Medicijn

Indicatie

Insuline aspart (Fiasp®) is geregistreerd voor de behandeling van DM1 en DM2 bij kinderen (vanaf 1 jaar) en volwassenen (SmPC, 2021). Deze tekst gaat alleen over de indicatie DM2.

Fiasp® bevat net als Novorapid® insuline aspart. Aan Fiasp® is de hulpstof nicotinamide (vitamine B3) toegevoegd. Dit zorgt voor een versnelde absorptie van insuline, waardoor de werking van Fiasp® 5 minuten eerder intreedt dan van Novorapid®.

Effectiviteit

De medicamenteuze behandeling van DM2 richt zich op regulering van de bloedglucosewaarden. Het doel van de behandeling is verminderen van eventuele klachten en voorkomen of vertragen van micro- en macrovasculaire complicaties en mortaliteit (NHG, 2023).
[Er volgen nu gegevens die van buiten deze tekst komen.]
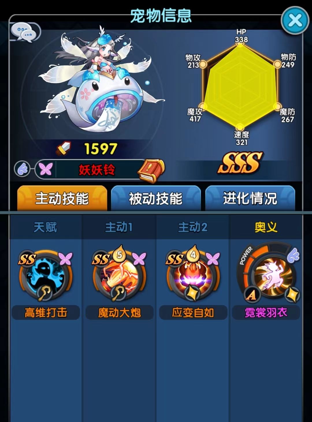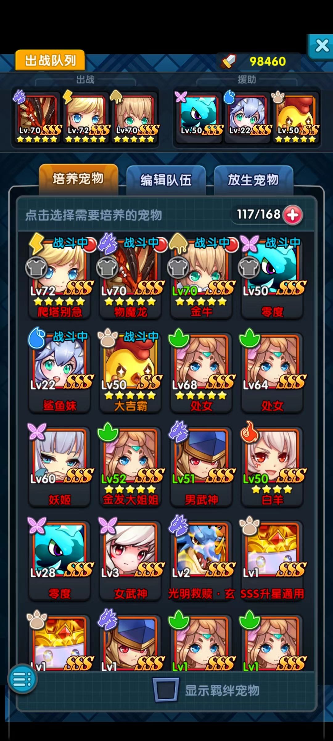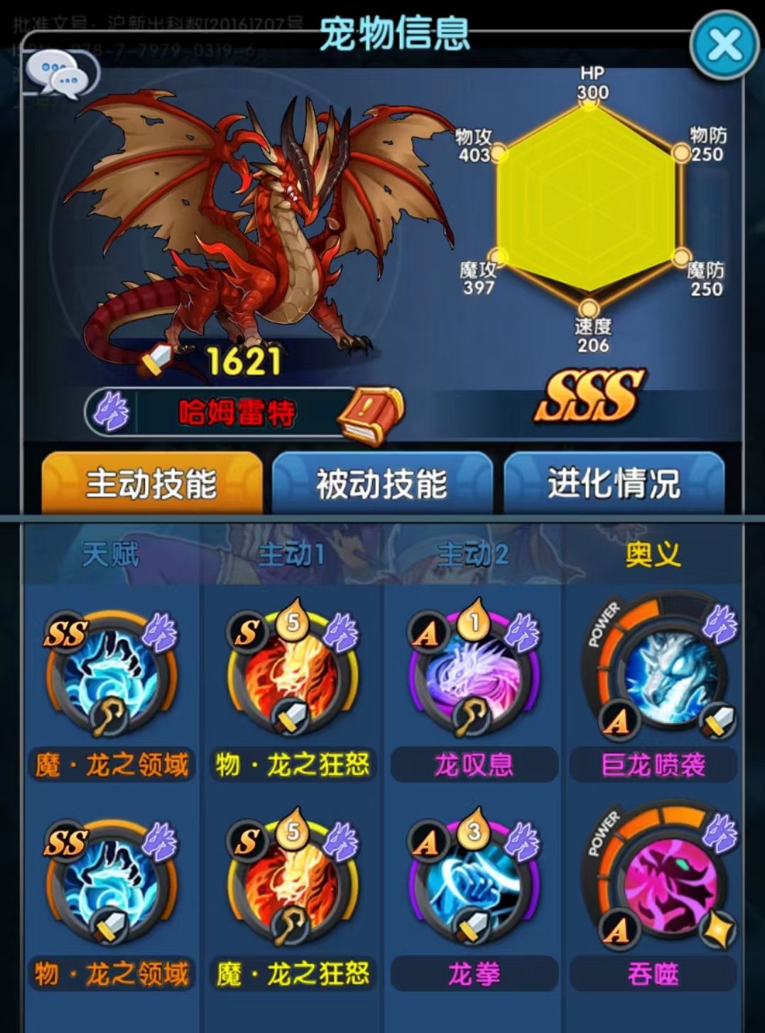 (这里插一句什么是宠物升星:游戏里面的进化有两种方式,一种是等级进化,一种是玄进化,其中玄进化更为的强力,而玄进化的要求之一就是宠物满五星。宠物升星需要吞噬同类或者SSS通用,许多宠物可以在迷失之塔里面捕捉,但是部分稀有强力宠物无法通过捕捉获得,SSS通用升星材料也可以用来顶替任意SSS升星)
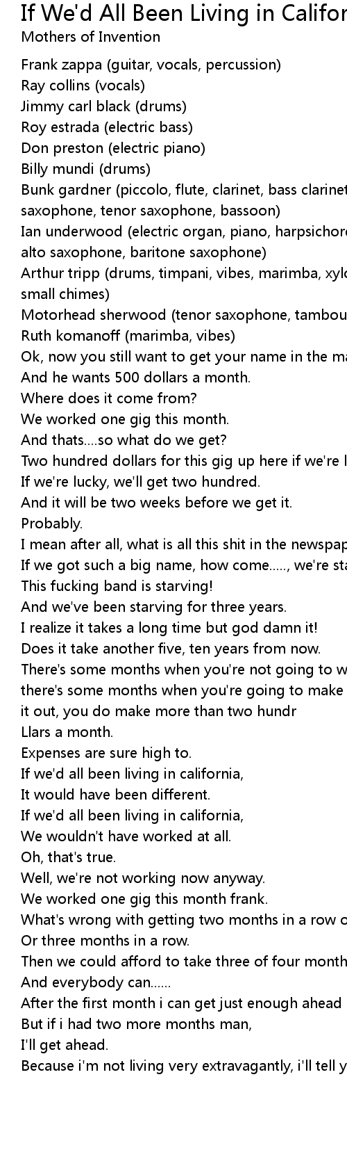 Ian underwood (electric organ, piano, harpsichord, celeste, flute, clarinet, alto saxophone, baritone saxophone) |
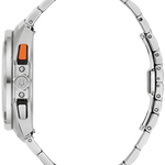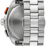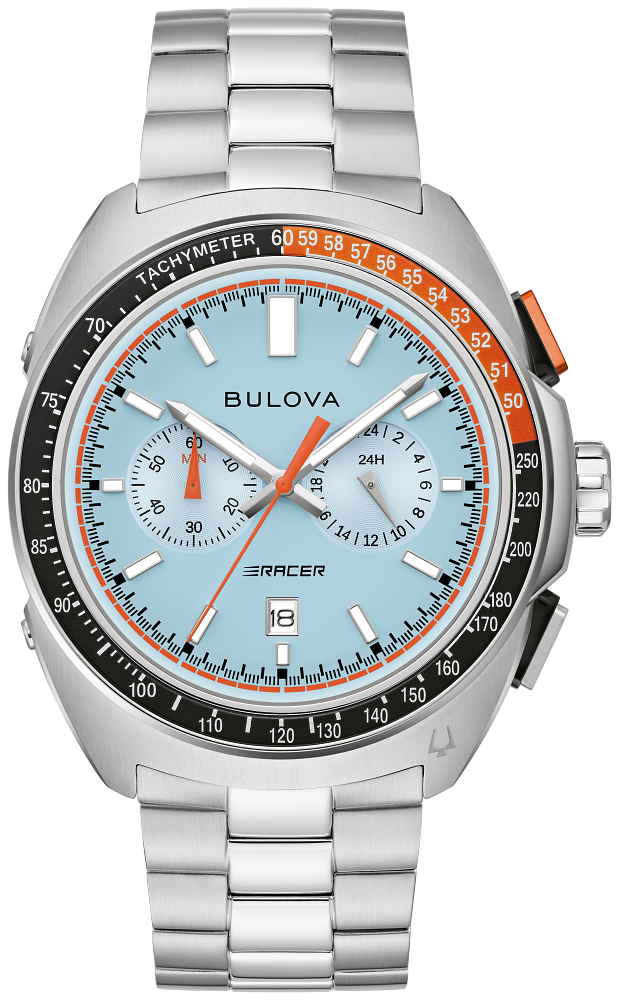 Built on Bulova s vibrant history in motorsport C from soap box derbies to the upper echelons of auto racing C the new men s 5-hand chronograph Racer watch is fine-tuned and designed for performance. The contou"ed stainless steel case features a unique design evoking the aerodynamic curves of the world s fastest automobiles. A two-tone orange and black tachymeter ring offers further functionality, while pronounced pushers provide a distinctively automotive aesthetic. The spectacularly textured light blue dial features an orange and white racing pattern chapter ring, with a date display at 6 o clock and subdials displaying the chronograph minutes and the 24-hour time. A bold orange chronograph seconds hand ensures optimal legibility no matter the speed. The dial is appointed with applied silver-tone markers and matching beveled hands, all filled with luminescent material for low-light visibility. The watch is paired with a 3-link stainless-steel bracelet with a deployant clasp for a secure fit. Whether gripping the wheel around the bend at the track or on your daily commute, the Bulova men s Racer chronograph is a stylish expression of racing history and a passion for speed.
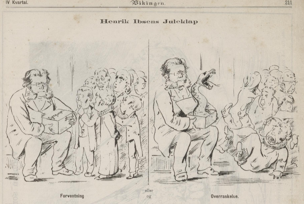 I en av de kjente Ibsenkarikaturene i tidsskriftet Vikingen (1881), ser vi hvordan Ibsen kunne sjokkere i samtiden. Her åpner Ibsen en julegave foran borgerskapet som først nysgjerrig titter frem, men så vettskremte faller om av den giftige slangen som spretter opp. Det rikt utsmykkede bokbindet sammen med Ibsens tekst, holder denne forestillingen levende for dem som har muligheten til å beundre disse små estetiske nytelsene.
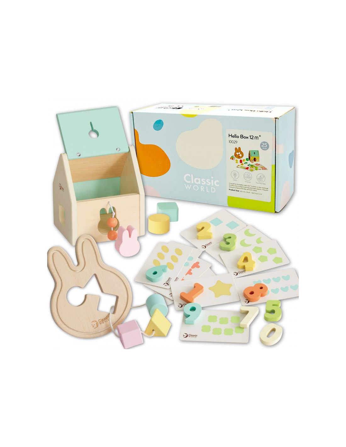 Ten wyjątkowy Powitalny BOX do nauki od renomowanej marki CLASSIC WORLD to idealny zestaw upominkowy dla każdego malucha! Wykorzystuje naturalną ciekawość świata dziecka, oferując zróżnicowane i angażujące zabawki. W zestawie znajdziesz sorter, układanki do nauki liczenia, klocki oraz uroczą zabawkę do przewlekania w kształcie królika. To kompletny pakiet, który w jednym pudełku wspiera wszechstronny rozwój dziecka, doskonaląc umiejętności motoryczne i eksplorację wizualną.

Wat is het effect op micro- en macrovasculaire uitkomsten en mortaliteit?

Het effect van insuline aspart op micro- en macrovasculaire complicaties en mortaliteit is niet bekend (Fullerton 2018). Insuline aspart is sinds 1999 op de markt. Destijds was het niet verplicht om onderzoek te doen naar de cardiovasculaire veiligheid. Voor de registratie van Fiasp® is geen aanvullend onderzoek gedaan naar cardiovasculaire veiligheid (Assessment report, 2019).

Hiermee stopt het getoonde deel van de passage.